Mapping the Tidal Disruption of the Hercules Dwarf: A Wide-Field DECam Imaging Search for RR Lyrae Stars

TL;DR

This study uses wide-field imaging to identify RR Lyrae stars around Hercules dwarf galaxy, revealing significant tidal disruption and stellar stripping, which impacts mass estimation methods for such faint galaxies.

Contribution

It introduces a novel approach using RR Lyrae stars to trace tidal disruption in Hercules, providing new insights into its stellar content and orbital dynamics.

Findings

Identified three new RR Lyrae stars outside Hercules' tidal radius.

Evidence suggests a substantial fraction of Hercules' stars have been stripped.

Hercules shows a degree of disruption between a bound dwarf and a fully disrupted galaxy.

Abstract

We investigate the hypothesized tidal disruption of the Hercules ultra-faint dwarf galaxy (UFD). Previous tidal disruption studies of the Hercules UFD have been hindered by the high degree of foreground contamination in the direction of the dwarf. We bypass this issue by using RR Lyrae stars, which are standard candles with a very low field-volume density at the distance of Hercules. We use wide-field imaging from the Dark Energy Camera on CTIO to identify candidate RR Lyrae stars, supplemented with observations taken in coordination with the Beijing-Arizona Sky Survey on the Bok Telescope. Combining color, magnitude, and light-curve information, we identify three new RR Lyrae stars associated with Hercules. All three of these new RR Lyrae stars lie outside its published tidal radius. When considered with the nine RR Lyrae stars already known within the tidal radius, these results suggest that a substantial fraction of Hercules' stellar content has been stripped. With this degree of tidal disruption, Hercules is an interesting case between a visibly disrupted dwarf (such as the Sagittarius dwarf spheroidal galaxy) and one in dynamic equilibrium.
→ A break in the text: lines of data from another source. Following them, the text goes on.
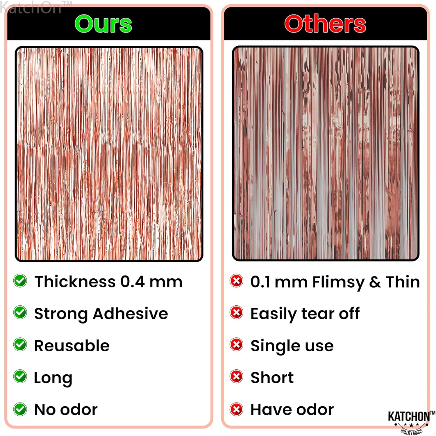 KatchOn, Rose Gold Fringe Curtain - Pack of 2 | Rosegold Backdrop for Anniversary, Wedding, Bachelorette Party Decorations| Fringe Backdrop for Rose Gold Birthday Decorations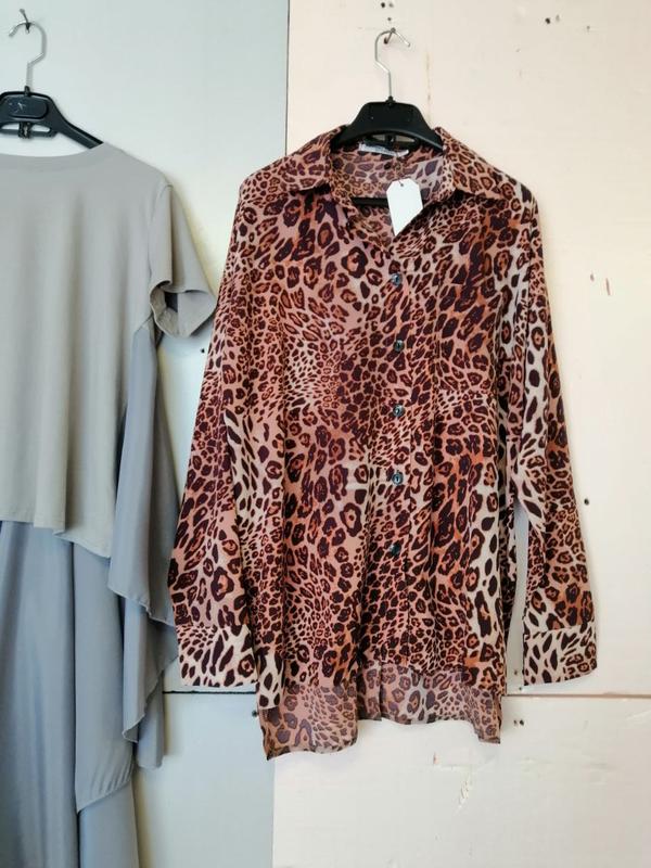 легка літня крепдешинова блуза сорочка хижий леопардовий принт Лео з розрізами з боків рубашка хищный леопардовый принт Лео с разрезами по бокам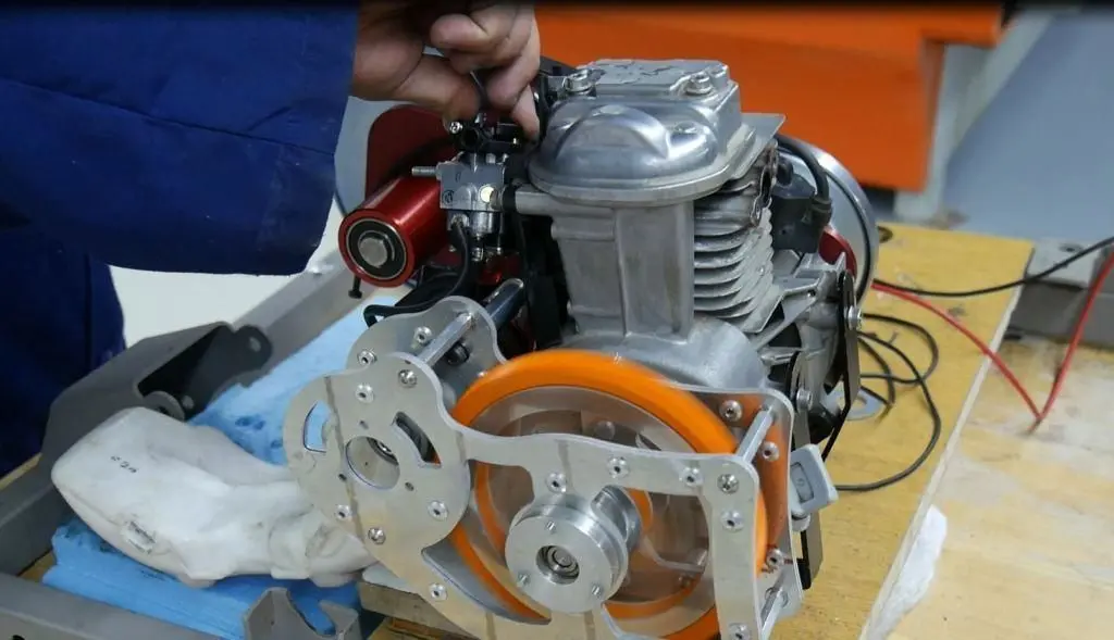 This is Honda engine GX 35cc which we used in all our tournament of Shell eco car Marathon, this year I tried to integrate something new in our design which is adding CVT mechanism and modifying the type of the starter motor by brushless motor.CVT (Continuously Variable Transmission) also known as a shiftless transmission, CVTs are commonly used in small motorized vehicles.I started by designing the whole design in SolidWorks, I used 3D scanner to construct digital 3D model of the engine.I used ABS plastic to print the orange gear only to test the mechanism if it’s operating well, and meanwhile testing the gearing ratio.For the shaft of the brushless electric motor was manufactured in CNC lathe, and milling machine 4 Axis to realize flat surfaces in both side of the shaft. Most other flat parts sheet metal aluminum and stainless steel I used CNC Water jet cutting machine.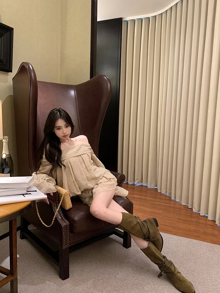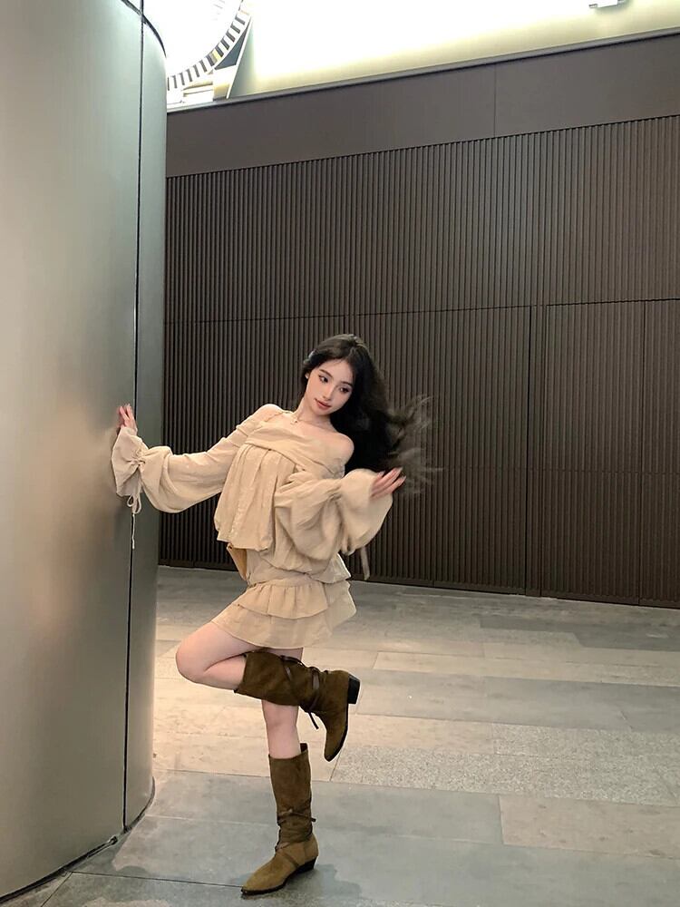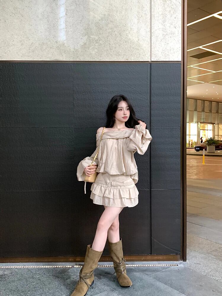 ホットガール純粋セクシースーツ春オフショルダー長袖トップフリルミニスカートツーピースセット ロング スプリング 春物 ピュア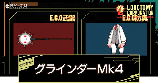 Lobotomy Corporation(ロボトミーコーポレーション)のE.G.O「グラインダーMk4」の性能を紹介。オールアラウンドヘルパーから手に入るE.G.Oギフトも掲載しているので、Lobotomy CorporationでE.G.O「グラインダーMk4」の性能を知りたい方はどうぞ。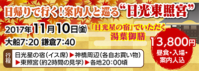 地元発着バスツアーでおなじみの「旅人(たびゅ〜と)」がこのほど、「案内人と巡る日光東照宮」ツアーを企画した。出発は11月10日(金)。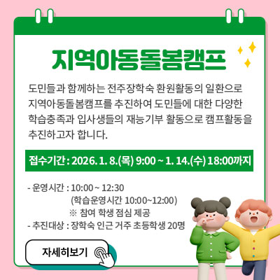[2026년 겨울방학 지역아동돌봄캠프 안내사항]※ 교육과정 등 세부사항은 첨부파일을 참고해주시기 바랍니다.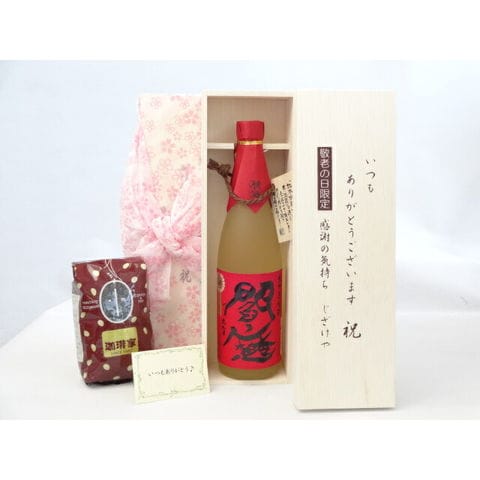 じいじの敬老の日 ギフトセット 焼酎セット いつもありがとうございます感謝の気持ち木箱セット+オススメ珈琲豆(特注ブレンド200g)( 老松酒造 麦焼酎 閻魔 25°720ml(大分県) ) メッセージカード付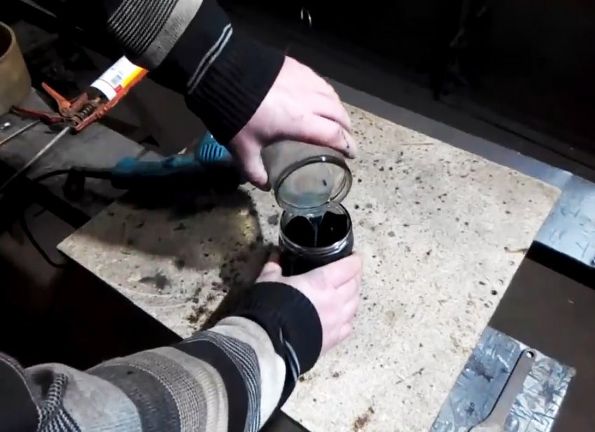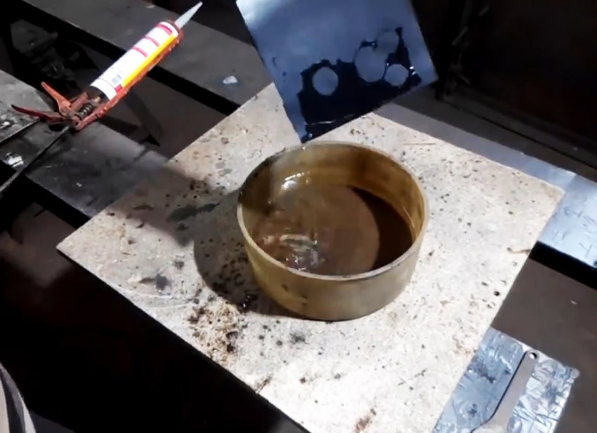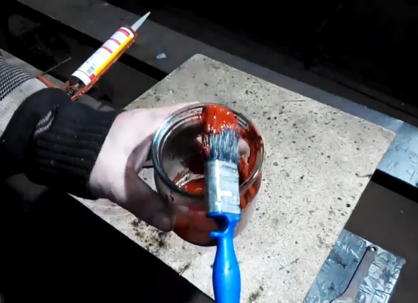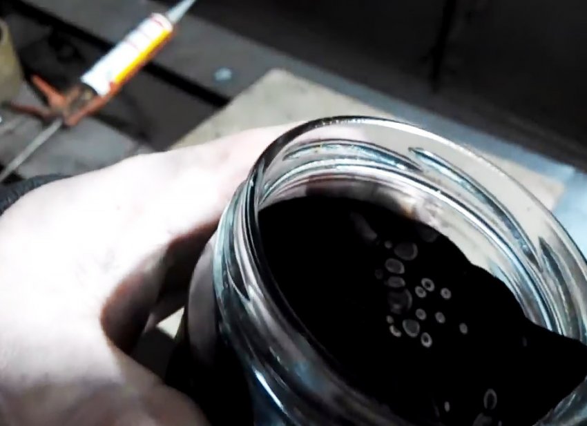 Затем в отдельную емкость набирается герметик и растворяется в бензине. На 1 л битума добавляется четверть тубы силикона. Бензина является растворителем.
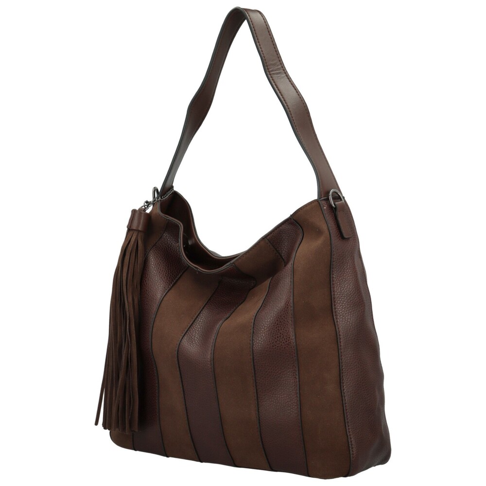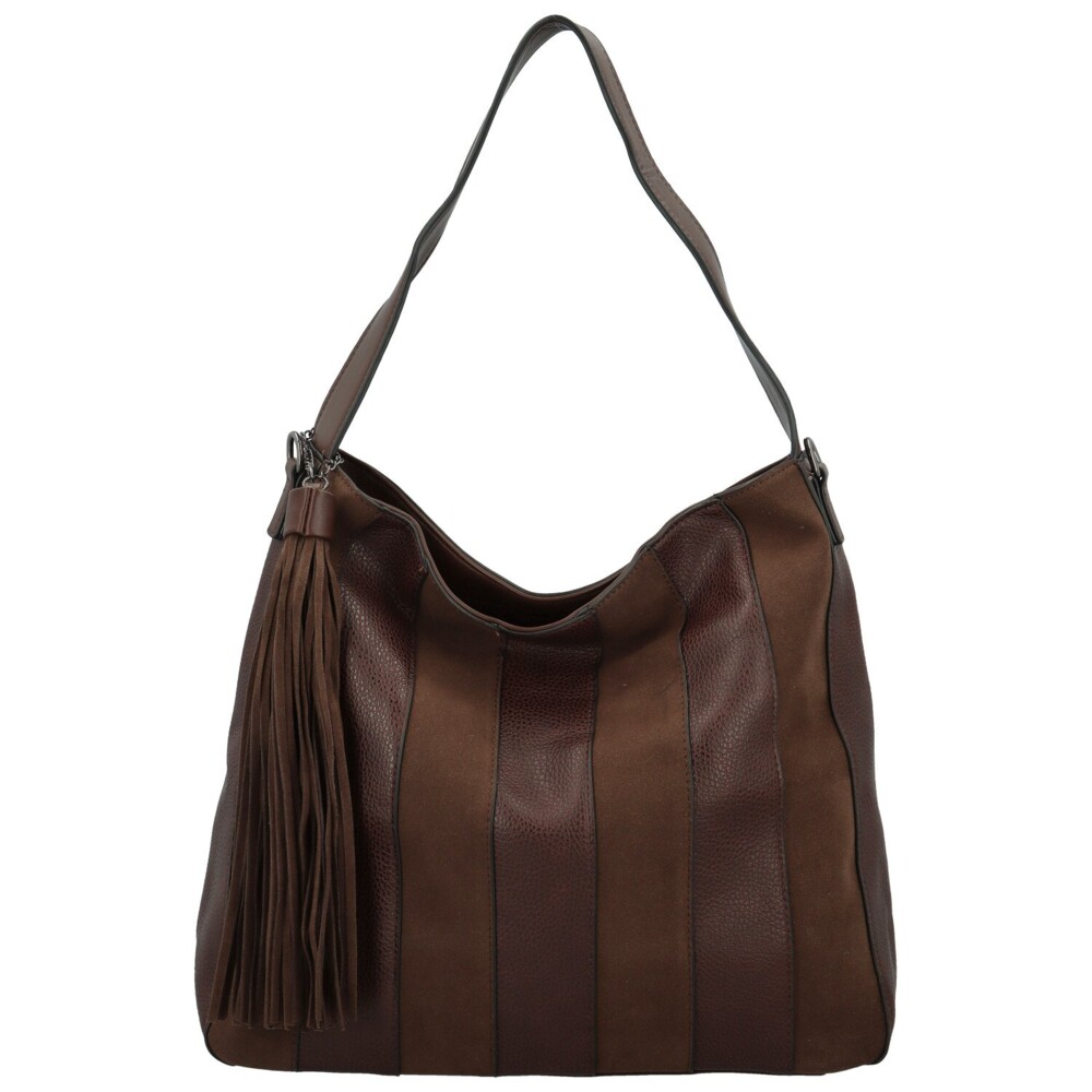 Štýlová dámska kabelka, ktorá v sebe spája eleganciu aj praktickosť. Predná strana je ozdobená zvislými pruhmi v dvoch odtieňoch, čo jej dodáva moderný a zaujímavý vzhľad. Na pevnom uchu je zavesený výrazný strapec, ktorý pôsobí ako originálny detail. Hlavný priestor kabelky je uzatvárateľný zipsom a vo vnútri ponúka vrecká v podšívke a praktické stredové zipsové vrecko. Zadnú časť dopĺňa zipsové vrecko na drobnosti. Kabelku je možné nosiť ako v ruke alebo na ramene, tak aj pohodlne cez telo vďaka prídavnému dlhému popruhu. Objednajte ešte dnes a vyskúšajte, vrátiť ju môžete až do 30 dní!

The degree of disruption also shows that we must be more careful with the ways we determine object membership when estimating dwarf masses in the future. One of the three discovered RR Lyrae stars sits along the minor axis of Hercules, but over two tidal radii away. This type of debris is consistent with recent models that suggest Hercules' orbit is aligned with its minor axis.